Marching alongside protesters in downtown Tehran, the city's former mayor and one-time Republican Guard commander renewed his criticism of the West.

"They become upset when they hear any voice of truth-seeking. They think they are the absolute rulers of the world," he said during the al-Quds or Jerusalem Day protests, which was among the largest since they were first held in 1979 after Shiite Muslim clerics took power in Iran.

His fellow marchers carried placards reading Death to Israel, Death to America. It is not uncommon for an Iranian president to join marches in the capital. Ahmadinejad, 47, was accompanied by five bodyguards, but otherwise security was not out of the ordinary for such an event.

Many world leaders, including Prime Minister Paul Martin, condemned Ahmadinejad's diatribe earlier this week.

"It's beyond the pale.

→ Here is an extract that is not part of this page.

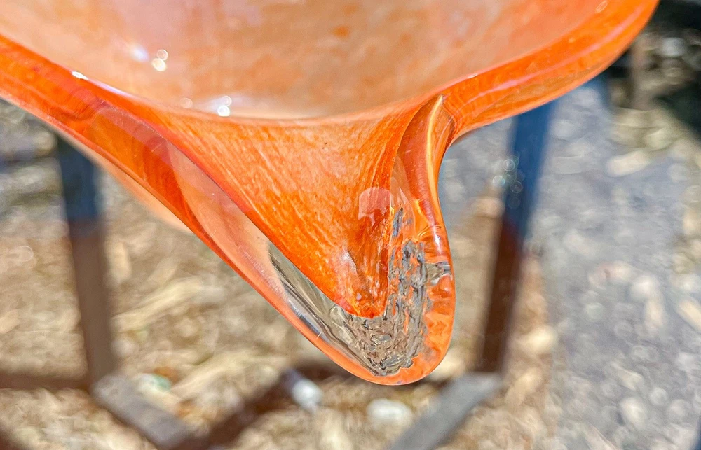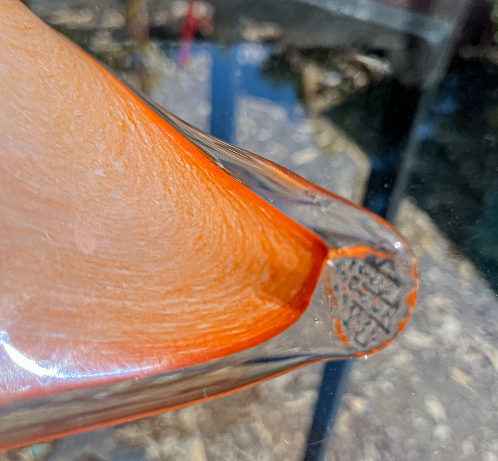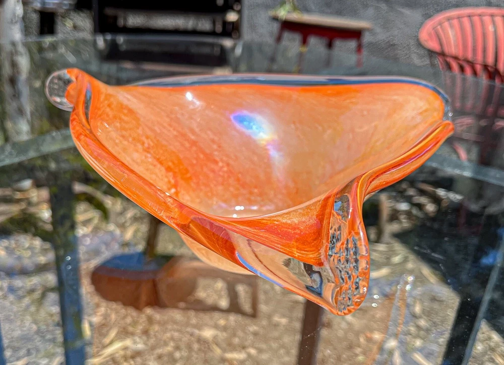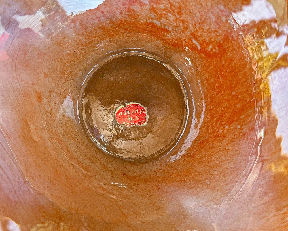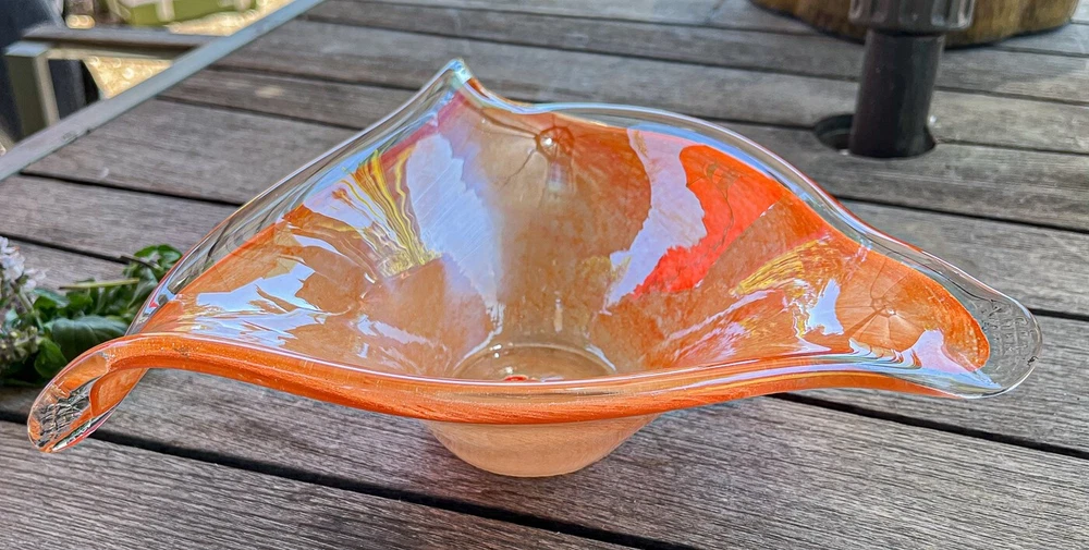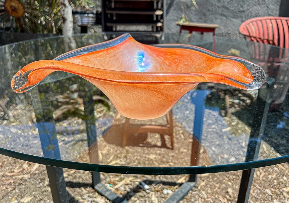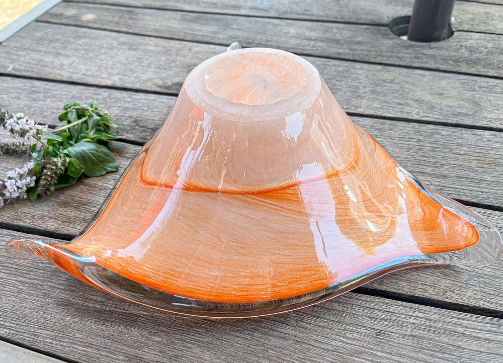 For sale is a stunning triangular freeform mid-century glass bowl from Murano, Italy. This beautiful piece measures approximately 10 to 11 inches along each edge by 3¾” tall on a 3-inch diameter base. The bowl is in lovely vintage condition and is handcrafted in orange and white glass with a clear glass edge and will be professionally packed and shipped. Please examine all photographs prior to purchase.

It's absolutely incredible," Martin said on Thursday. "That kind of lack of respect, intolerance, anti-Semitism, this is the 21st century and that statement is just out of an era that is long past and never should have occurred." The federal government also called in Iran's top diplomat in Canada for a formal reprimand.

Despite Ahmadinejad's continued harsh attacks on the West, former president Hashemi Rafsanjani tried to dial back the rhetoric, suggesting that Israelis and Palestinians hold a referendum to decide the future of Israeli-Palestinian relations. "If Muslims and Palestinians agree (to a referendum), it will be a retreat but let's still hold a referendum," Rafsanjani said in his Friday prayer sermon.

The Iranian Embassy statement in Moscow said Ahmadinejad "did not have any intention to speak in sharp terms and engage in a conflict."

But that was not the message carried by the at least 200,000 Iranians who massed in Tehran to unleashed virulent condemnation against Israel, the United States and the West in general, accusing them of oppressing Palestinians and Iran.

Some demonstrators chanted "Israel is approaching its death" and wore white shrouds in a symbolic gesture expressing readiness to die for their cause.

A resolution was read at the end of the rallies backing "the position declared by the president that the Zionist regime must be wiped out."

Iranian Foreign Minister Manouchehr Mottaki defended his president's comments, saying they represented Iran's long-held policy of not recognizing Israel.

"Unfortunately the Western countries have remained silent on the increasing inhuman activities of Israel," Mottaki said at the Tehran march.

Protests attracted at least 100,000 in each of Iran's eight largest cities, according to AP reporters. State television said millions of people assembled throughout the country. Major rallies also were held in other Middle Eastern countries.

In Beirut, the militant Hezbollah group marked the day by staging a parade that saw more than 6,000 guerrillas march in uniform through the streets of the Lebanese capital.

The Shiite group, which supports it Iranian mentors, has sought to strengthen its position in Lebanon after the withdrawal of Syrian troops.

At least 30,000 Bahrainis marched in their island state's capital, Manama, burning Israeli and American flags and demanding their government rescind its recent decision to end its economic embargo of the Jewish state.

The United States said the Iranian leader's hostile remarks have only underscored Washington's concern over Iran's nuclear program. Israel said the Persian state should be suspended from the United Nations. UN chief Kofi Annan expressed "dismay" at the comments in a rare rebuke of a UN member state.

The Vatican condemned as "unacceptable" statements denying the right of Israel to exist, although it did not mention Iran by name. The UN Security Council also condemned the remarks, while Russia summoned the Iranian ambassador seeking an explanation for the president's words.

Iran's seven state-run TV stations devoted coverage Friday to programs condemning the Jewish state and praising the Palestinian resistance since the 1948 creation of Israel.

After Ayatollah Ruhollah Khomeini toppled the pro-Western Mohammad Reza Shah Pahlavi in 1979, he declared the last Friday of the Muslim holy month of Ramadan as an international day of struggle against Israel and for the liberation of Jerusalem. The founder of the Islamic regime had also called for Israel's destruction.